Un viaje que cambió el mundo. - Capítulo 96
- Inicio
- Todas las novelas
- Un viaje que cambió el mundo.
- Capítulo 96 - 96 El Destino del Sol y la Esperanza de la Luna
Tamaño de Fuente
Tipo de Fuente
Color de Fondo
96: El Destino del Sol y la Esperanza de la Luna 96: El Destino del Sol y la Esperanza de la Luna [En algún momento en el cercano futuro]
[Ciudad de Ravenna, Capital del Imperio Solari]
Una joven con corto cabello dorado y hermosos ojos dorados corría por las ajetreadas calles de la ciudad, desesperada por llegar a casa antes de que su padre descubriera que se había escabullido una vez más.
El abrasador sol de la tarde caía implacablemente sobre ella, haciendo que su piel morena brillara con el sudor.
Al ver a los guardias de su padre patrullando la calle, rápidamente saltó hacia un edificio cercano y utilizó su magia solar para impulsarse hacia adelante con gran velocidad.
La chica pronto llegó al palacio y se coló de nuevo en su habitación, sólo para encontrar a su padre esperándola.
Él miró a su hija, quien continuaba escapándose para comprar pergaminos, volúmenes y libros de hechizos.
—Hemera, ya tienes 18 años.
¿Por qué sigues necesitando escabullirte?
La guardia real te escoltará adonde quieras ir —dijo él.

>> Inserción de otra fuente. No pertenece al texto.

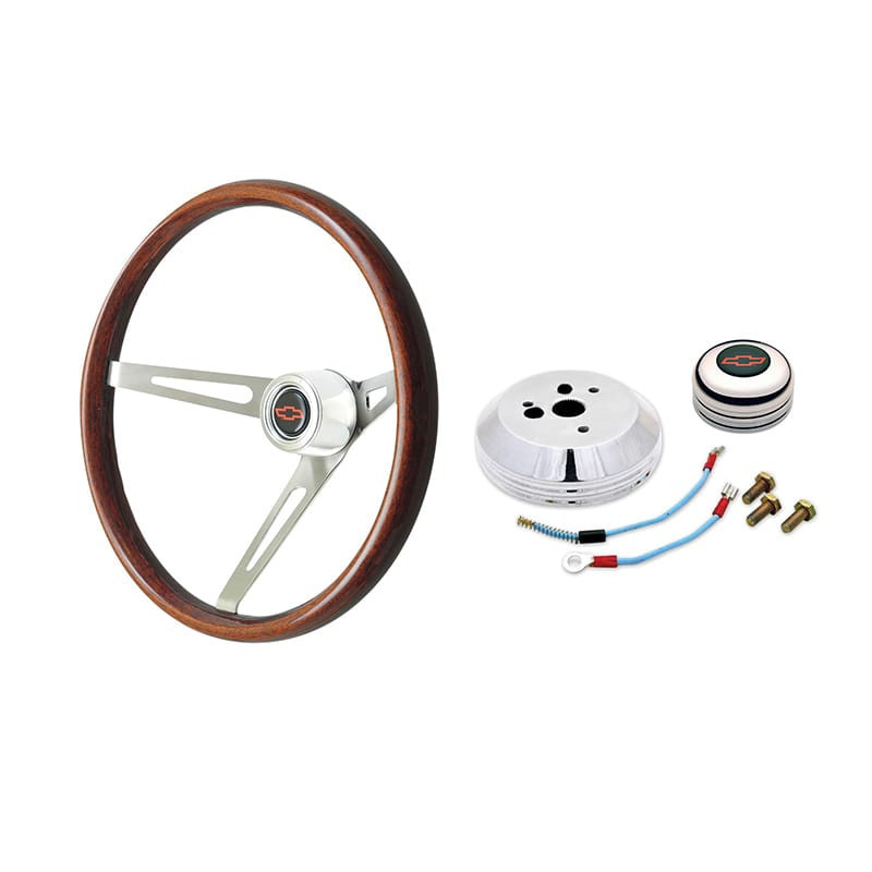 THIS WHEEL KIT INCLUDES A CHEVY BOWTIE LOGO HORN BUTTON. ADDITIONAL STYLES AND DESIGNS ARE AVAILABLE SEPARATELY.

Ella miró a su padre sin culpa y habló.
—Pater, me tratan diferente cuando voy con los guardias.
Solo quiero ser tratada como una persona normal —dijo ella, dando a su padre una falsa tristeza antes de sentarse en su cama.

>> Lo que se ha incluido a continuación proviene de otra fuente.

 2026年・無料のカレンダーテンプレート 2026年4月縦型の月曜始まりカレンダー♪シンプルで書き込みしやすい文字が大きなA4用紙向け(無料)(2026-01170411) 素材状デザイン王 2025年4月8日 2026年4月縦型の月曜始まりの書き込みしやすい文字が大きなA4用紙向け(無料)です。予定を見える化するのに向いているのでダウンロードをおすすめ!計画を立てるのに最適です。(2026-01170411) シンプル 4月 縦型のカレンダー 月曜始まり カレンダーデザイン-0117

Agamenón observó a su hija y negó con la cabeza antes de levantarse.
—Deja de escaparte, joven señorita —dijo—.
Puedes conseguir cualquier cosa que necesites si solo lo pides.
No hay necesidad de arriesgar tu vida.
Eres una princesa imperial, no una plebeya.

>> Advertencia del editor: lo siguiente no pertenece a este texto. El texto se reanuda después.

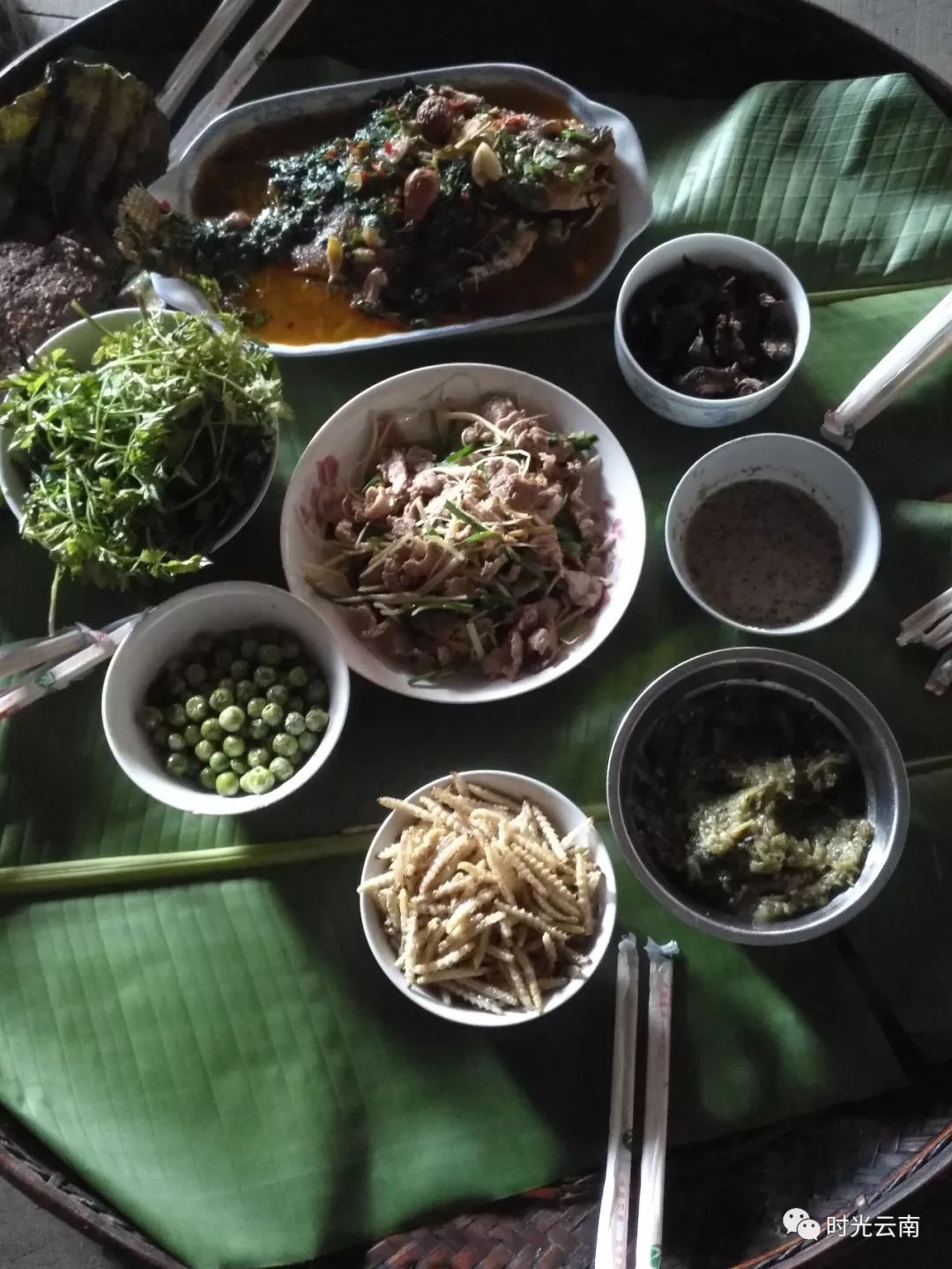曼加坡坎,人們習(xí)慣稱為先鋒村;曼加腳,人們習(xí)慣稱為紅旗村。而我們途經(jīng)另外一個(gè)茶區(qū)時(shí),又遇到一個(gè)大名就叫紅旗村的寨子,寨門就掛著毛偉人的頭像,多少可以感受到那個(gè)時(shí)代的烙印。所以在西雙版納追尋茶樹、茶葉,一定要搞清楚地名,否則可能會南轅北轍,就像西雙版納有兩個(gè)勐宋,一個(gè)是勐??h勐宋鄉(xiāng),人們習(xí)慣稱為“大勐宋”;另外一個(gè)就是景洪市勐龍鎮(zhèn)勐宋村委會,人們習(xí)慣稱為“小勐宋”;勐??h布朗山鄉(xiāng)有一個(gè)曼諾村(緊挨著邊境),勐宋鄉(xiāng)也有一個(gè)曼諾村;而在勐??h,“曼邁”這個(gè)名字則是用得最多的,有很多村寨都叫“曼邁”。但即使弄錯(cuò)了名字、走錯(cuò)了路線,也不用驚慌,因?yàn)闊o論哪個(gè)勐宋、哪個(gè)紅旗,無論哪個(gè)曼諾、哪個(gè)曼邁,都有茶樹,或多或少,都有茶園,或大或小——誤入,說不定比目標(biāo)明確的達(dá)到更驚喜。

Él salió del cuarto, dejando a Hemera a sus propios asuntos.
Ella sonrió con picardía mientras sacaba el desgastado libro de hechizos que había encontrado en una tienda antigua.
Hemera abrió la portada del libro titulado “Golpe Abrasador” y comenzó a leer.
Después de horas de estudio, finalmente dominó el hechizo.
Este potenciaba cualquier arma que empuñara, haciendo que ardiera con el calor del sol.
Satisfecha con su descubrimiento, Hemera se acomodó para pasar la noche.
Al día siguiente, tenía programado viajar al Bosque Taiga para un examen de la academia.
Mientras cerraba los ojos y se dejaba llevar por el sueño, fuerzas superiores intervinieron, mostrándole un atisbo de lo que podría ser su destino.
Cuando Hemera se despertó, se encontró en una habitación desconocida.
Pronto notó a un apuesto hombre de cabellos blancos con escamas blancas extendiéndose por su cuerpo de pie en un balcón, sosteniendo a una pequeña niña de cabellos dorados con la misma piel morena que ella.
Se acercó a la puerta, sus orejas de elfa vibrando.
El hombre señaló a un gran grupo de wyverns que pasaba volando.
—Artemisa, ¿ves esos wyverns allá?
Se unieron a tu Pater cuando yo era solo un niño, mientras dormía en la tierra natal de una de tus otras maters.
De hecho, eso fue un par de años antes de que conociera a tu mater —explicó el hombre.
Señaló más lejos en la distancia.
—¿Ves esa montaña allá?
Tu mamá aprendió un nuevo hechizo y la destruyó, asustando a todo el dominio.
La pequeña niña rió, sus ojos violetas brillaban tan intensamente que derretían el corazón de Hemera.
Fue entonces cuando ella notó a Hemera y exclamó en voz alta —¡Mamá está despierta!
Mientras el hombre se giraba, una sonrisa se extendió por su rostro y súbitamente la escena cambió a un bosque denso, dejando a Hemera desorientada e insegura de su ubicación.
Sin embargo, pronto se dio cuenta de que había llegado al Bosque Taiga, el mismo lugar donde estaba programado someterse a su prueba de cacería como parte de la academia.
En la distancia, vio a un grupo de personas reunidas, observando una feroz batalla entre un hermoso dragón blanco y un Gran Gigante de la Montaña.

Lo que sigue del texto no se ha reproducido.